Мы больше не боимся зла, мы сами стали злей.
Но журавли в Кременчуге уже не гомонят.
Он просто взял да и нажал, да и не раз, на жаль.
И самый воздух вопиял, но кто его спросил.
Ты, как помстится кровь на блике хлебного ножа, –
Сломай его и выброси, землёй его присыпь,
Чтоб дети не играли больше в прятки от боёв,
И “дальше ноги от земли”, от собственной земли.
Ты не убьёшь. И не возьмёшь того, что не твоё.
Уже немало.
Кременчуг. Ракета. Журавли.
* * *
На после войны отложенный вдох,
Непрерванный сон и встречи с роднёй.
На время боёв всё важное – в долг.
Опора на дно, на новое дно.
До после войны. Минута в кредит.
Неделю за так. И месяц взаймы.
Полгода пожить, а там поглядим.
Отдам к холодам, отдам до зимы.
Тогда заживём. Дыша без долгов.
Всерьёз хохоча. До дна веселясь.
И мы позовём нестрашный огонь –
Свечу и камин. Спалить векселя.
* * *
Взрослые – это взрослые,
Их не исправить, бог с ними.
А безобидных, маленьких,
Надо ли перемалывать?
Слёзы их – что ли топливо?
Вот он моргает тёпленький,
Что-то поняв едва ли,
Стынуть идёт в подвале.
Мягкие мишки-зайчики
Едут на фоне зарева.
Неба подол распорот,
И никакой опоры.
Время детей украдено,
Время сползает в кратеры.
Тихо шагая в гору,
Дети несут не горбясь,
Что недоступно бомбам –
Небо над бывшим домом
(Алый уходит в розовый).
Все, кто доедет – взрослые.
* * *
Что стряслось, душа моя? Ну, поранилась.
Не впервой же? То-то, что не впервой.
Раньше реагировала по-разному,
А теперь то ярость, то ничего.
И молчишь сутуло, и ходишь пасмурно.
Тени под глазами до самых щёк.
Дети в относительной безопасности?
Близкие на связи? Чего ещё.
Всё твоё, нательное и подвздошное,
Тошное и горькое, “ох” и “тсс”,
Крошится торопя́щимися подошвами
Или ждёт качаясь, что облетит.
Выжила, не выжжена, не оплавлена.
Не впервой же? Именно, не впервой.
Сделаешь дела, утолкаешь маленьких,
Не усну, дождусь. Приходи.
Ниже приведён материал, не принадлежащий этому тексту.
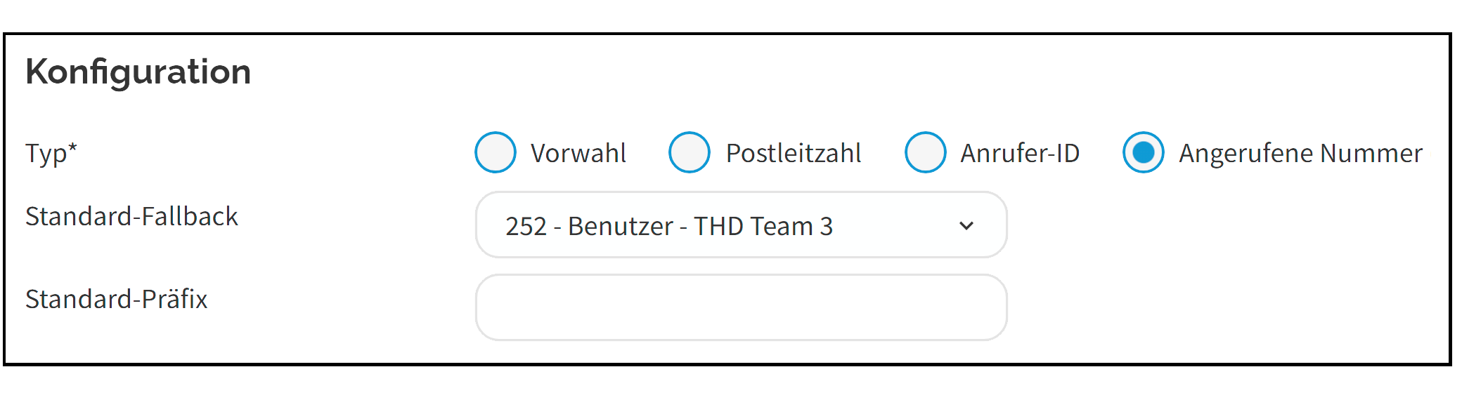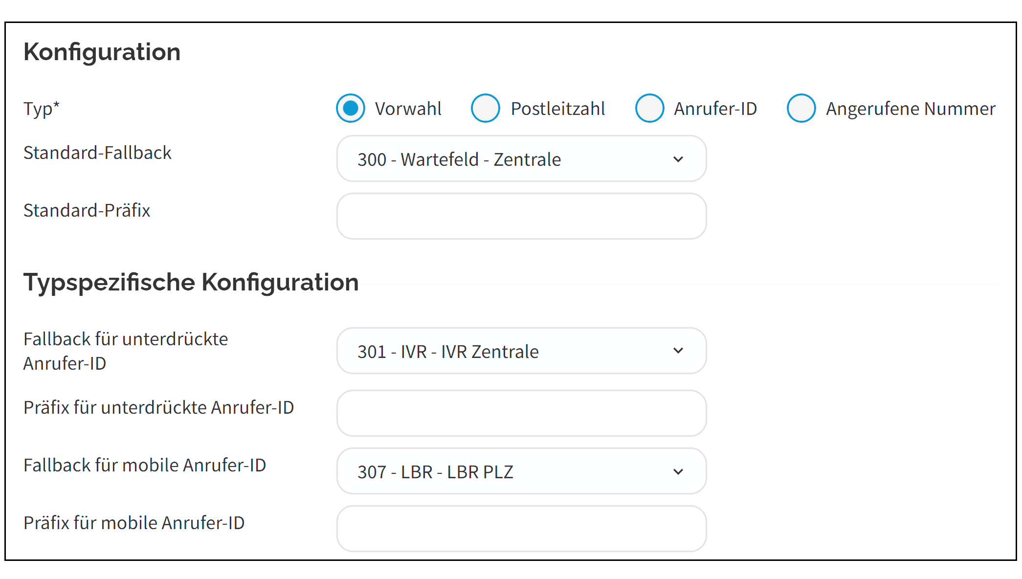 Standard-Fallback | Geben Sie das Fallback-Ziel ein, an das die Anrufer umgeleitet werden, wenn Sie die vom Anrufer eingegebene Vorwahl nicht konfiguriert haben. |

Повóй.
* * *
В коридоре затмений темно,
Выбираюсь из стадии “торг”,
Вдоль по стенке, сливаясь со мной,
Промежуточный ходит итог.
Забирает листву водослив.
Сообщается с передовой,
Что стихи никого не спасли
(Никого, никого, никого).
Дописать – и наплакаться всласть,
Поделиться, и пусть раструбят!
Но не буквы просили прислать,
А ботинки и пауэрбанк.
Просто панцирь у каждого свой,
Приглашаю ко мне – в речевой,
Чтобы не разрушалось от войн
Ничего, ничего, ничего.
* * *
Буквы по анкете ползут неровно.
А бывает национальность “прочерк”?
Можно не признавать никаких народов?
Все же люди, очень или не очень.
Чем твоя согреется идентичность,
Если дом заснежен и обесточен?
И нигде не мирно, нигде не тихо,
Все воюют, очно или заочно.
Чем ты подпитаешь сухие корни?
Может, ты из этих, аэрофитов?
Без угла, без иконы. Кому такое
Пригодиться может худое сито?
Пришлый, коренной или перекатный,
Сберегись, пожалуйста, не исчезни,
В каждой капле море. Ты – суперкапля.
В остальном не уверена, если честно.
* * *
Никакого права не маешь, одну вину.
В чьей-нибудь (твоей хотя бы уж) голове
Шестерёнку самомалейшую повернуть б.
Ведь война. Беда-махина. Год-Гулливер.
Ничего-то не возгонишь из ваших букв,
И статьями не согреешься, ноты – пыль.
Развязала праздничный бант? А могла бы бунт.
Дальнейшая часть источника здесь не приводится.